Медленные челюсти демократии - Страница 45
День, когда я смог сидеть в кругу парижских интеллектуалов, берлинских прогрессивных художников, лондонских гуманитариев, гарвардских профессоров и франкфуртских банкиров, день, которого я ждал всю жизнь, наступил слишком поздно — я уже успел стать русским. Я тянулся к избранным народам, старался как мог, но яд России проник слишком глубоко в организм. Я глядел на берлинских мыслящих парней, непременно одетых в поношенное черное; на лондонских гуманитариев с косяком марихуаны в одной руке и чаем с молоком в другой; на французских интеллектуалов, расставляющих по углам своих жилищ композиции из небрежно сложенных книг и морских раковин; я входил в их клубы и кафе, я слышал их призывы «to share ideas», и как же хотелось мне, дикарю, наконец-то «обменяться идеями» с ними, рожденными свободными. Но вместо этого я задавал вопрос: обмениваться идеями? Но какими? Демократия, конституция, прогресс? Быть еще радикальнее и авангарднее? Вот это вы и называете идеей? Нет, в самом деле, вот это?
Скоро я перестал share ideas.
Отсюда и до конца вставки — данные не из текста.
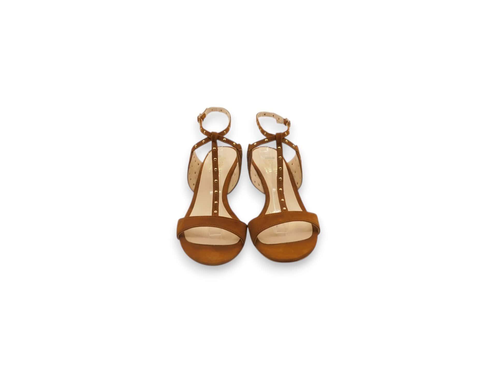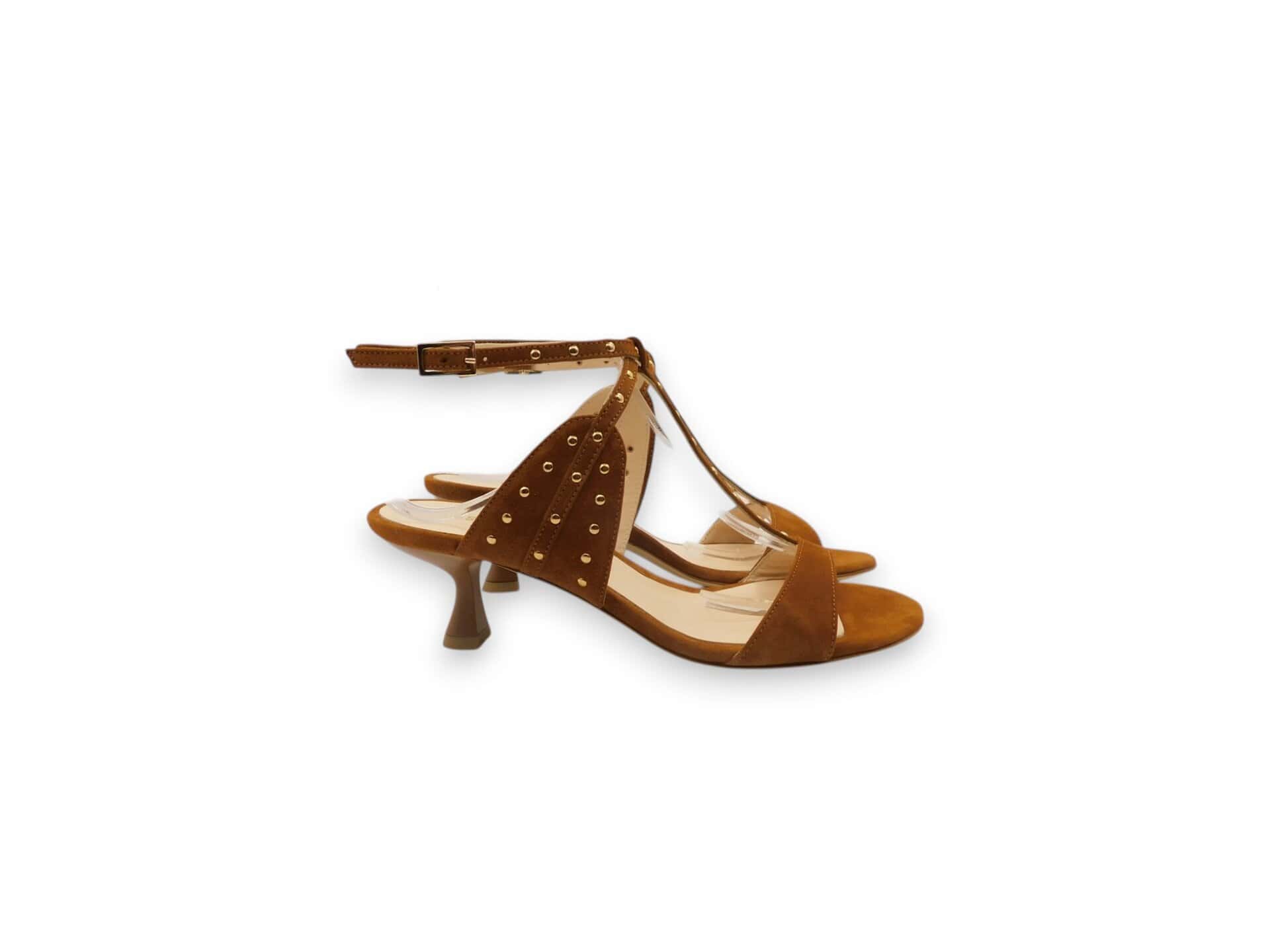 Sandalo in pelle scamosciata. Cinturino sulla caviglia impreziosito con borchie in metallo. Tacco 5cm. Fondo in cuoio.

Письмо, которое я пишу Вам нынче, я одновременно пишу и самому себе — тому, молодому, ставящему знак равенства между цивилизацией и благом. Я пишу во имя Вашей покровительственной дружбы и моей безответной любви, той любви, что заставляла меня ненавидеть собственную Родину, лишь бы Вы поверили, что я правда люблю Вашу — которая никогда и ни под каким видом не собиралась стать моей Родиной и не могла. То была слепая любовь, милый друг, и, признайтесь, Вы поощряли ее. Вам ведь нравилось, что я не жалею ни отца, ни матери, лишь бы понравиться Вам, лишь бы Вы поверили в мою искреннюю преданность идеям демократии и европейских свобод. А я, чтоб как-то оправдаться в собственных глазах, твердил про себя строки Чаадаева: я не могу любить свою Отчизну с завязанными глазами, с заткнутым ртом, стоя на коленях. Так я повторял про себя и такой полагал основу своих отношений с Родиной. Но это было враньем.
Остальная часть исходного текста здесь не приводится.